### Exercise
Repeat the entries below exactly, pictures excluded.

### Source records
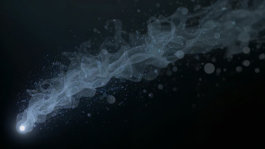 AI Generated Image. Short loopable video clip showing glowing orb emitting smoky plume of digital particles and binary digits while traveling through dark void. Soft bokeh highlights and drifting vapor creating cinematic comet-like trail and subtle sense of depth. Use for technology presentations, AI and data visualizations, sci-fi title sequences, website hero backgrounds, app splash screens, and music visualizers. Layering-friendly with dark negative space for overlaying text or logos. Rendered with gentle motion blur and particle depth for smooth playback and easy looping. Ideal for marketing, motion design, broadcast intros, and educational content explaining data flow or digital concepts.
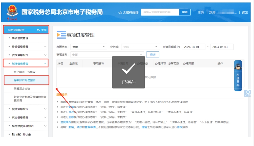 二、綜合信息報告—制度信息報告—存款賬戶賬號報告。
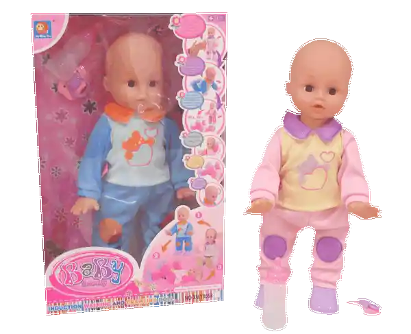 Bebe con mecanismo que gatea camina y cuando llora se tira al piso de espaldas moviendo los brazos y las piernas. Medidas de la caja 42x45cm. Incluye dos baterias AA
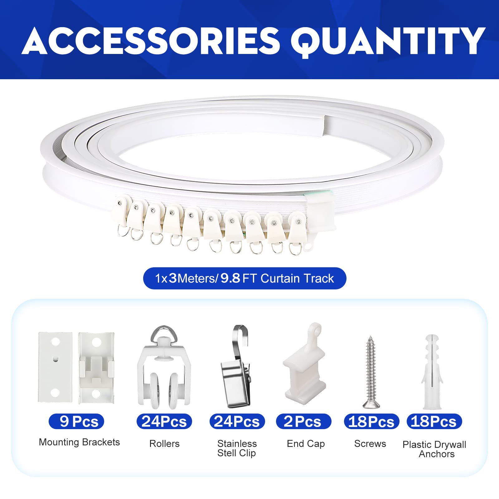 - Multi-purpose use: The ceiling flexible curtain track looks great in any setting. The ceiling track and track rollers give this curtain track the ability to open and close with ease. This makes the perfect room divider, window treatment or bay, shower track, RV, trailer, motorhome, or any tight spaces to max out your space and gives you instant privacy.
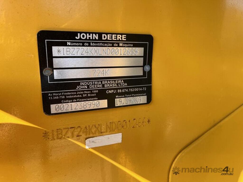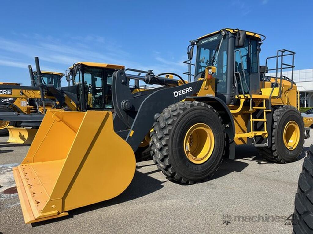 John Deere 724K Wheel Loader, 9L Tier 3 (Diesel Only) Engine, 197 kW (264 hp), 5 Speed Lock Up Torque Converter Transmission, 23.5R25 Rims & Tires, John Deere , 20T Loader, 3.6m3 GP Bucket with BOCE, Battery Isolator, AM/FM Radio, Reversing Fan, Ride Control, Engine Pre Cleaner. 36M / 3,000 Hour Comprehensive Warranty.

### Your solution
 AI Generated Image. Short loopable video clip showing glowing orb emitting smoky plume of digital particles and binary digits while traveling through dark void. Soft bokeh highlights and drifting vapor creating cinematic comet-like trail and subtle sense of depth. Use for technology presentations, AI and data visualizations, sci-fi title sequences, website hero backgrounds, app splash screens, and music visualizers. Layering-friendly with dark negative space for overlaying text or logos. Rendered with gentle motion blur and particle depth for smooth playback and easy looping. Ideal for marketing, motion design, broadcast intros, and educational content explaining data flow or digital concepts.
 二、綜合信息報告—制度信息報告—存款賬戶賬號報告。
 Bebe con mecanismo que gatea camina y cuando llora se tira al piso de espaldas moviendo los brazos y las piernas. Medidas de la caja 42x45cm. Incluye dos baterias AA
 - Multi-purpose use: The ceiling flexible curtain track looks great in any setting. The ceiling track and track rollers give this curtain track the ability to open and close with ease. This makes the perfect room divider, window treatment or bay, shower track, RV, trailer, motorhome, or any tight spaces to max out your space and gives you instant privacy.
 John Deere 724K Wheel Loader, 9L Tier 3 (Diesel Only) Engine, 197 kW (264 hp), 5 Speed Lock Up Torque Converter Transmission, 23.5R25 Rims & Tires, John Deere , 20T Loader, 3.6m3 GP Bucket with BOCE, Battery Isolator, AM/FM Radio, Reversing Fan, Ride Control, Engine Pre Cleaner. 36M / 3,000 Hour Comprehensive Warranty.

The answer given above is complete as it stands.